1. A processing unit that calculates a first prediction accuracy, which indicates the accuracy of predicting public sports events held in the past at the first stadium using each of several prediction models; determines a first application model from the several prediction models to be used for predicting public sports events to be held at the first stadium based on the first prediction accuracy; calculates a second prediction accuracy, which indicates the accuracy of predicting public sports events held in the past at the second stadium using each of the several prediction models; and determines a second application model from the several prediction models to be used for predicting public sports events to be held at the second stadium based on the second prediction accuracy. A prediction device having the following features.

2. The processing unit updates the first application model based on the first prediction accuracy for each of the plurality of prediction models if the first prediction accuracy for the first application model is less than a threshold. The prediction device according to claim 1.

3. The processing unit calculates the prediction accuracy based on the voting amount and payout amount for voting patterns based on predictions using the plurality of prediction models. The prediction device according to claim 1.

4. On the computer, The first prediction accuracy is calculated, which shows the accuracy of predicting past public sports events held at the first stadium using multiple prediction models. Based on the first prediction accuracy, a first application model to be used for predicting the public sports competition to be held at the first stadium is determined from the plurality of prediction models. A second prediction accuracy is calculated, which indicates the accuracy of predicting the public sports competitions held in the past at the second stadium using each of the multiple prediction models. Based on the second prediction accuracy, a second application model to be used for predicting the public sports competition to be held at the second stadium is determined from the plurality of prediction models. A predictive program that executes a process.

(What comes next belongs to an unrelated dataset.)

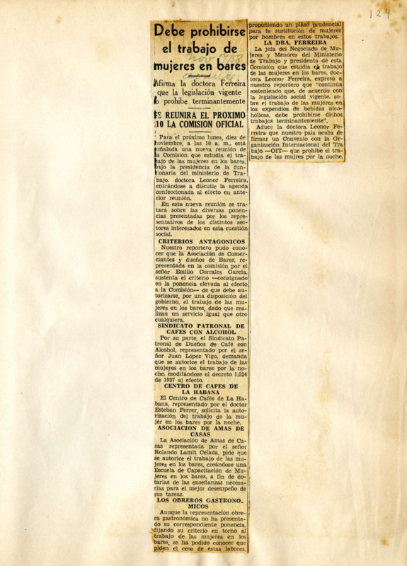 Debe prohibirse el trabajo de mujeres en bares : afirma la doctora Ferreira que la legislación vigente lo prohíbe terminantemente

5. Computers The first prediction accuracy is calculated, which shows the accuracy of predicting past public sports events held at the first stadium using multiple prediction models. Based on the first prediction accuracy, a first application model to be used for predicting the public sports competition to be held at the first stadium is determined from the plurality of prediction models. A second prediction accuracy is calculated, which indicates the accuracy of predicting the public sports competitions held in the past at the second stadium using each of the multiple prediction models. Based on the second prediction accuracy, a second application model to be used for predicting the public sports competition to be held at the second stadium is determined from the plurality of prediction models. Prediction method.